WHAT NEEDS TO BE DONE: Of the records that follow, copy only the lines from the line containing "일정시간대에 동영상 광고를 시청하고 추가 포인트를 획득할 수 있습니다." to the line containing "From a bit of", both included, exactly as written.

Records contained in a dataset:
*** Block opens ***
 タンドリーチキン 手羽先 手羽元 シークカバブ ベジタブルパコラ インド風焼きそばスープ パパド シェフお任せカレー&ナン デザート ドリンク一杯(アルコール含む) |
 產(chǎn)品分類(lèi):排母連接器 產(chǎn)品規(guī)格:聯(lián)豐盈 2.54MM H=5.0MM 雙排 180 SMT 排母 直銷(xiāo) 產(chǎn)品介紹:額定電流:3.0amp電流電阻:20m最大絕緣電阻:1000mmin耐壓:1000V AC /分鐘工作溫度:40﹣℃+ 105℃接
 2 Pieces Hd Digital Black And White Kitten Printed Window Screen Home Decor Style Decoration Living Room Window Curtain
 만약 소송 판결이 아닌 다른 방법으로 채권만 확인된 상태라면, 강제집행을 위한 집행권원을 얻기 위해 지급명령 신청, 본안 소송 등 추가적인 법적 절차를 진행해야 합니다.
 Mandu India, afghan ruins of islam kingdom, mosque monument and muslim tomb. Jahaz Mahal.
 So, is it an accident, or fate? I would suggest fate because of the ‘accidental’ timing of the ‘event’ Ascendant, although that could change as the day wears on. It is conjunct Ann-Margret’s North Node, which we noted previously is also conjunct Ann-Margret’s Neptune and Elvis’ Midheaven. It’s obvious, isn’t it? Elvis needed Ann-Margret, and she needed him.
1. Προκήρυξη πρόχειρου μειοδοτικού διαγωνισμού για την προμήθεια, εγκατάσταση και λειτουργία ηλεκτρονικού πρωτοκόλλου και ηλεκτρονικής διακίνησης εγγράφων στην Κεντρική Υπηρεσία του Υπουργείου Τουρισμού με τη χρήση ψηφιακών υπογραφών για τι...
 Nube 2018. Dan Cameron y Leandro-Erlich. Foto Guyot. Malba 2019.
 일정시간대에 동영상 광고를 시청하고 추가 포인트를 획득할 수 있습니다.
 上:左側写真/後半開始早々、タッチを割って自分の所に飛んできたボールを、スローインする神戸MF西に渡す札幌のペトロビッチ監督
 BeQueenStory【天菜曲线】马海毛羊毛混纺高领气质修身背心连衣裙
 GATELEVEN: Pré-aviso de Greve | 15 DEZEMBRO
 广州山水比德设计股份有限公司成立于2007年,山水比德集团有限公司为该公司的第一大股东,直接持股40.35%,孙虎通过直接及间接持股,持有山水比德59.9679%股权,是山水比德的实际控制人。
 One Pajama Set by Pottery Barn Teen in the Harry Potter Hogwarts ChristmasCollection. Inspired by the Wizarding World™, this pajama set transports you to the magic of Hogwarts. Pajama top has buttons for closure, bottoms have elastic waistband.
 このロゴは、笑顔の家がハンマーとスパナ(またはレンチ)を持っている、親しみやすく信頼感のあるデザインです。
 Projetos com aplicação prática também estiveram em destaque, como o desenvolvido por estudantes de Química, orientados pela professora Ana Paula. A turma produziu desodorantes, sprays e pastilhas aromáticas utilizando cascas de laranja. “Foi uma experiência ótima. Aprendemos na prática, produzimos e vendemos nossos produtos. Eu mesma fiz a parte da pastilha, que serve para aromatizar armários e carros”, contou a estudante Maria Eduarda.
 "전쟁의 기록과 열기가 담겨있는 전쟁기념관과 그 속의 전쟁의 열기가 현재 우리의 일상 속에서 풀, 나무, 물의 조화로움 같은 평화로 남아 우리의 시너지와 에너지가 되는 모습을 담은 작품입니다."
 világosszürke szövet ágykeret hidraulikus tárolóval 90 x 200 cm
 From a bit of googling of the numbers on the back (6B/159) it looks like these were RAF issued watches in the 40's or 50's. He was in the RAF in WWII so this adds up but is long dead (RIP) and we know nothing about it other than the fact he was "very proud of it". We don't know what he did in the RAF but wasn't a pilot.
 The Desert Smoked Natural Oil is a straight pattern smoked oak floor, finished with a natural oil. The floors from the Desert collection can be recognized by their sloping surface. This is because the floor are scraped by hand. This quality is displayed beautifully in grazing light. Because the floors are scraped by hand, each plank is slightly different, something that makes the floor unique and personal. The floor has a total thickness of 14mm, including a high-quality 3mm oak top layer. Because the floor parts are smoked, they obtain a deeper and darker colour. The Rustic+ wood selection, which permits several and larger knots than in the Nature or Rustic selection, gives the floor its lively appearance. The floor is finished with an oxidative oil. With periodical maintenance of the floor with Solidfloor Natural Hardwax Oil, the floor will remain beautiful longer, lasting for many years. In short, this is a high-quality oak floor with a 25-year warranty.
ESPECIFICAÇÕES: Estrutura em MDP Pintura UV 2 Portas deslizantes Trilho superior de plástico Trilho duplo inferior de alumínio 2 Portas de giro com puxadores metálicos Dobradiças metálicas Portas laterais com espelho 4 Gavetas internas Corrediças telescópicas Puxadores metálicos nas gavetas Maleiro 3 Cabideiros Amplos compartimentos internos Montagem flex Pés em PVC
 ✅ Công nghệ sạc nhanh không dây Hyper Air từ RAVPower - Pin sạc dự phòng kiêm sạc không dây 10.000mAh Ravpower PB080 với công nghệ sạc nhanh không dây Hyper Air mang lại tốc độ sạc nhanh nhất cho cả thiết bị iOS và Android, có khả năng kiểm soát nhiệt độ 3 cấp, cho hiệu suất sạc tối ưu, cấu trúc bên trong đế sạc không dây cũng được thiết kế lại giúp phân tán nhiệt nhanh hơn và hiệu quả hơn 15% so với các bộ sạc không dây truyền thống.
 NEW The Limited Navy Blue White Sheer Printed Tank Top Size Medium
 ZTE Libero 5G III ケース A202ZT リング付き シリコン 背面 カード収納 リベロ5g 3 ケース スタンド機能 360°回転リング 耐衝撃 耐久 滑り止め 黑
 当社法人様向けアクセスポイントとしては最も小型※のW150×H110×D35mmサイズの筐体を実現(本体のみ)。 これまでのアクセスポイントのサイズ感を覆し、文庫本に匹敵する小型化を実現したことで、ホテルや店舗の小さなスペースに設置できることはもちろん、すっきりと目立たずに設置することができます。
*** Block closes ***
WRITTEN REPLY:
 일정시간대에 동영상 광고를 시청하고 추가 포인트를 획득할 수 있습니다.
 上:左側写真/後半開始早々、タッチを割って自分の所に飛んできたボールを、スローインする神戸MF西に渡す札幌のペトロビッチ監督
 BeQueenStory【天菜曲线】马海毛羊毛混纺高领气质修身背心连衣裙
 GATELEVEN: Pré-aviso de Greve | 15 DEZEMBRO
 广州山水比德设计股份有限公司成立于2007年,山水比德集团有限公司为该公司的第一大股东,直接持股40.35%,孙虎通过直接及间接持股,持有山水比德59.9679%股权,是山水比德的实际控制人。
 One Pajama Set by Pottery Barn Teen in the Harry Potter Hogwarts ChristmasCollection. Inspired by the Wizarding World™, this pajama set transports you to the magic of Hogwarts. Pajama top has buttons for closure, bottoms have elastic waistband.
 このロゴは、笑顔の家がハンマーとスパナ(またはレンチ)を持っている、親しみやすく信頼感のあるデザインです。
 Projetos com aplicação prática também estiveram em destaque, como o desenvolvido por estudantes de Química, orientados pela professora Ana Paula. A turma produziu desodorantes, sprays e pastilhas aromáticas utilizando cascas de laranja. “Foi uma experiência ótima. Aprendemos na prática, produzimos e vendemos nossos produtos. Eu mesma fiz a parte da pastilha, que serve para aromatizar armários e carros”, contou a estudante Maria Eduarda.
 "전쟁의 기록과 열기가 담겨있는 전쟁기념관과 그 속의 전쟁의 열기가 현재 우리의 일상 속에서 풀, 나무, 물의 조화로움 같은 평화로 남아 우리의 시너지와 에너지가 되는 모습을 담은 작품입니다."
 világosszürke szövet ágykeret hidraulikus tárolóval 90 x 200 cm
 From a bit of googling of the numbers on the back (6B/159) it looks like these were RAF issued watches in the 40's or 50's. He was in the RAF in WWII so this adds up but is long dead (RIP) and we know nothing about it other than the fact he was "very proud of it". We don't know what he did in the RAF but wasn't a pilot.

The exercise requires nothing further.